Situation appeared to be completely different for St. xylosus. An inhibition was evident after 24 h, but a strain’s adaptation to the antimicrobial occurred since populations’ levels were higher at 72 h. The most controlling lysozymes were the analytical grade one and the commercial type coded as A: population were completely inhibited by concentrations of 10 and even 5 mg/mL (Figure 1 – Panel B).

Indeed, commercially available preparations of lysozyme vary significantly in terms of purity, enzyme concentration and potency (Brasca et al., 2013).

Implications of protective culture Lyofast LC 4P1 on Grottone cheese quality

Nine Grottone cheese manufactures were carried out at farm level. In six trials the Lb. casei culture Lyofast LC 4P1 was used jointly with LAB and PAB starters provided by the same supplier. In batch A, the protective culture was added at the same time of the starters, while in manufacturing B, C, D, E and F the protective culture was used for a milk pre-fermentation that involved a percentage of the final volume of 10, 36, 50, 70 and 100%, respectively. After two months of ripening, five Grottone cheeses for each manufacture - for a total 45 wheels -were cut in two halves and analysed for their appearance. At the date of analyses, none of the produced Grottone wheels, other than the 45 initially marked, presented obvious signs of LBD. Actually, this defect is known to occur even later during the ripening, and it is not always possible to assess its oncoming before the wheel’s opening (Cosentino et al., 2015).
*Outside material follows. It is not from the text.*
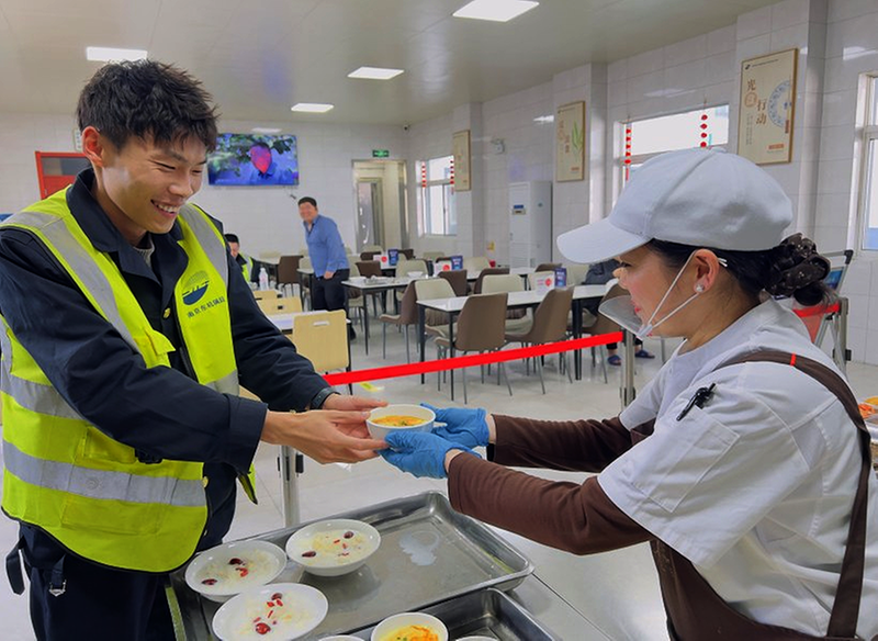 夜幕降临,徐州北公寓食堂内大家围坐用餐,欢声笑语不断。徐州北公寓车间的“暖冬服务”,藏在一餐一食的热乎劲儿里,融在一件一物的关怀中,让每一位乘务员都能感受到“家”的温暖。

With reference to the samples analysed, the five wheels collected within the same trial always shared the same appearance, except in case of trial F (one wheel out of five presented an adequate holes’ amount), and C1 (3 out of five wheels showed an undesirable cavernous appearance) (Table 4). According to data, the use of Lyofast LC 4P1 in combination with PAB and LAB provided by the same supplier hampers holes development (Table 4). Moreover, in samples treated with the protective culture, panellists were not able to perceive the expected ‘Grouviera-type’ taste traditionally associated to Grottone cheese (Data not shown). From this perspective, the lack of holes could be due to an inhibition of the PAB starter development, rather than to an adverse interaction between PAB and protective culture.

Table 4.

Grottone cheese manufactures at farm level. Trial A: Lb. casei culture Lyofast LC 4P1 added with starters; Trial B, C, D, E and F: LC 4P1 used for milk pre-fermentation at 10, 36, 50, 70 and 100% of the total volume. C1, C2 and C3: controls.

Conclusions

LBD in hard and semi-hard cheeses could be avoided by determining the initial content of clostridial endospores in milk before processing. Based on results, MPN counts on BBB and CFU on RCM resulted to be the most suitable procedures for routine testing. By using these approaches clostridial spores were detected in 10 out 13 of the analysed milk samples and all cheeses with LBD, even if several discrepancies were recorded. The growth of clostridia in cheese can be controlled by using antimicrobial compounds. Lysozyme is the most common choice, but outcomes may be largely affected by the type of product, since commercial lysozymes greatly vary in terms of effectiveness. Biopreservation by means of protective LAB cultures may represent a promising opportunity, but the interaction with starters needs to be carefully investigated. As matter of fact, when the protective culture Lyofast LC 4P1 was used in combination with PAB and LAB in Grottone cheese manufacturing, the holes’ development was hampered, likely due to an inhibition of the PAB starter development as even proved by the absence of the expected ‘Grouviera-type’ taste.

As general consideration, the manufacture of Grottone cheese stands on a faint balance between lactic and propionic bacteria that leads to a qualitative inconsistency of the product, besides the creation of environmental conditions favourable to clostridia development.